The only true knowledge is the pursuit of knowledge
Does anyone have a video of a smoke test being performed? I've read about them - "Using a smoke puffer you can fill the burner chamber with smoke. Then turn the blower on. If the smoke sprays out and away from the burner opening you have a good indication of a leak in the heat exchanger."
The tech did demonstrate this. However, the word "spray" is subject to interpretation. Yes, there was some movement of the smoke coming back from the burner, but how vigorous does that movement have to be to be a "spray". Without the burner on the smoke swirled around. Once it was turned on it swirled faster and came out.
So far I haven't been able to find a video of how this looks like in a normal furnace and how it might look with a crack in the heat exchanger.

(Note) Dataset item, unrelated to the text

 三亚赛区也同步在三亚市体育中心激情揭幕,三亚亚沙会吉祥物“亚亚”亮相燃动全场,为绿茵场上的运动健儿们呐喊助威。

Sounds like you have a compromised heat exchanger, indicated by 2 legitimate test procedures. If the email is accurate. Never used a smoke test but I have seen literature on it and it is legit. Using the magnehelic is also a legit test that I have used. If both were used and both indicate a split then you most likely have a split. A simple CO test would not be a good test with your furnace. Older natural draft furnaces could produce alot of CO when heat exchanger split and it could then be pushed into the conditioned space so a CO test was a common way to verify a split. Your furnace is induced draft and totally different operation.
Tommy knocker...in clarification...the tech's boss said they perform a magnehelic, but the tech did not do that. The tech only puffed smoke into the entrance of the heat exchanger and we watched the smoke swirl back towards us. The tech then declared the heat exchanger cracked.

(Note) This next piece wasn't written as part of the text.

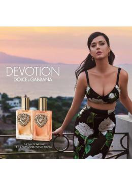 Dolce&Gabbana Devotion Eau de Parfum Intese, nuovo capitolo della storia olfattiva Dolce&Gabbana Devotion, omaggia l'incensante dedizione del brand allo stile, all'artigianalità e al design Made in Italy. IL DESIGN Dolce&Gabbana Devotion Eau de Parfum Intense è racchiusa in una sofisticata bottiglia di vetro color ambra, elegantemente decorata dall'inconfondibile Cuore Sacro. Dolce&Gabbana Devotion Eau de Parfum Intense è l'ultima fragranza Luminosa e Gourmand che si unisce alla collezione Devotion. La nuova creazione olfattiva rivisita la fragranza originale con le sue note caratteristiche di Fiore d'Arancio e Vaniglia, arricchita da un'aggiunta distintiva di Nocciola.

Found out that in our small neighborhood (65 homes) this same contractor has told 4 families that they cracked heat exchangers in the last 2 months. We don't all have the same furnaces. Last year they did the same to 3 other families. This is a new development. Most homes are in the 8-10 yo range. Does this seem like a lot of homes for the size and age of the neighborhood? This was the contractor who did the installations for the builder so they ended up doing a lot of work for the homeowners with seasonal inspection contracts.

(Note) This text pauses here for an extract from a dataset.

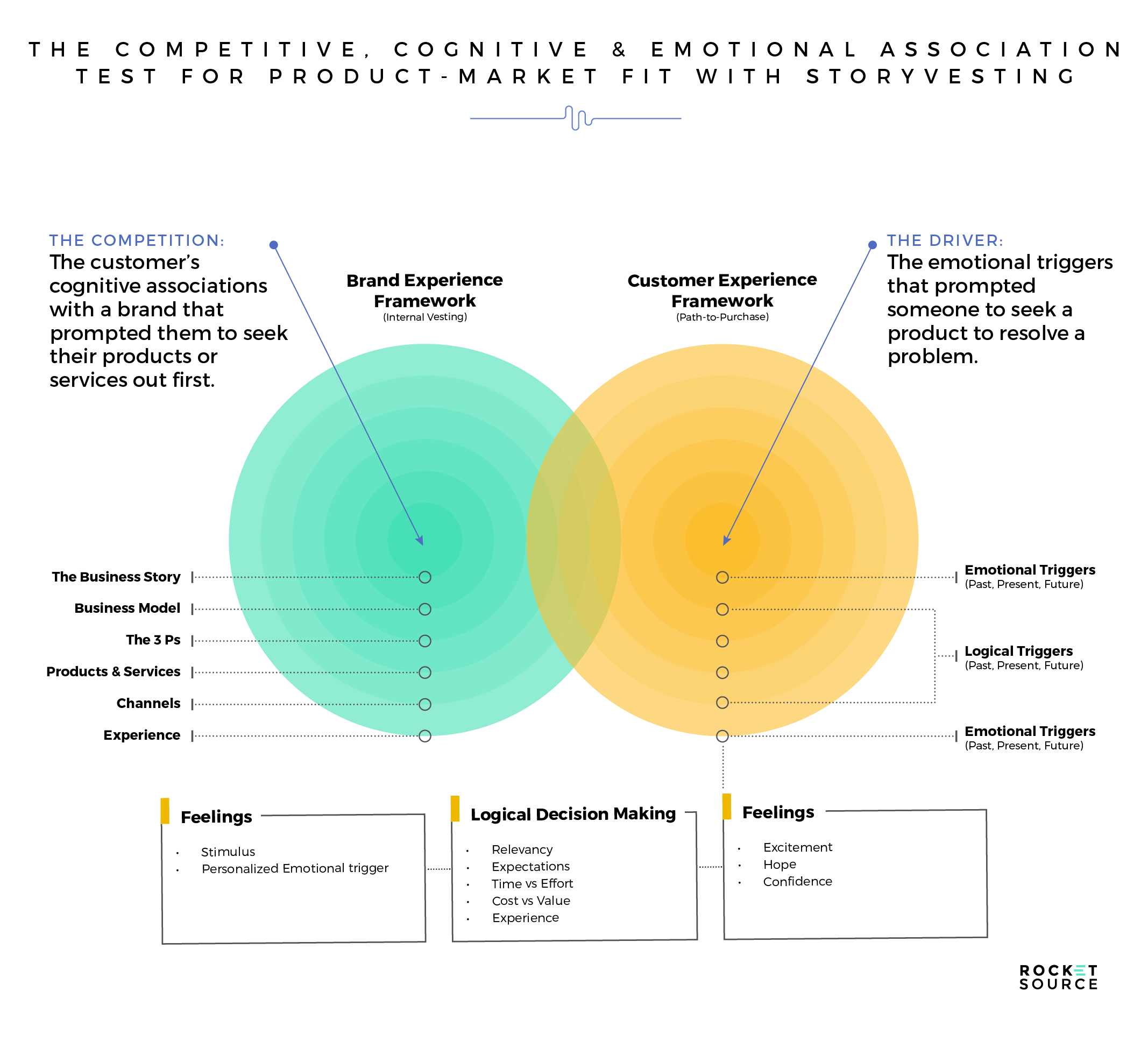 The same questioning mentality holds true for the next concentric circle in the StoryVesting framework — the business model. It’s important to analyze and address the logic behind how your company makes money, how pricing strategy and implementation affect employee retention (i.e. just go look at what former employees are saying about your BX on Glassdoor, for example). Your employees, especially those leading teams throughout your company, should be able to visually draw out the logical flow of your company’s business model. That logic can then be compared to the logical part of the customer’s journey in which they’re analyzing your offering as it relates to a variety of elements including time vs. effort, cost vs. benefit, and more.

I hear some of you say that checking CO is not a good test, so what is? Does anyone know if York has any tests or inspections they recommend?
Second visual inspection, if you trust this company, good, agree to a new heat exchanger, new furnace contingent upon the fact that they can show you the crack once they remove the heat exchanger or replace the furnace. If not, they put it back, as it was, no harm, no foul, no charge.
If they are confident in the smoke test, they should have no problems? right?
A cracked heat exchanger is easy to spot, when it is not inside of the furnace, inside of the furnace, it can be a b***h. If they are sure it is cracked, they would accept your challenge, otherwise, they would walk away, or am I wrong?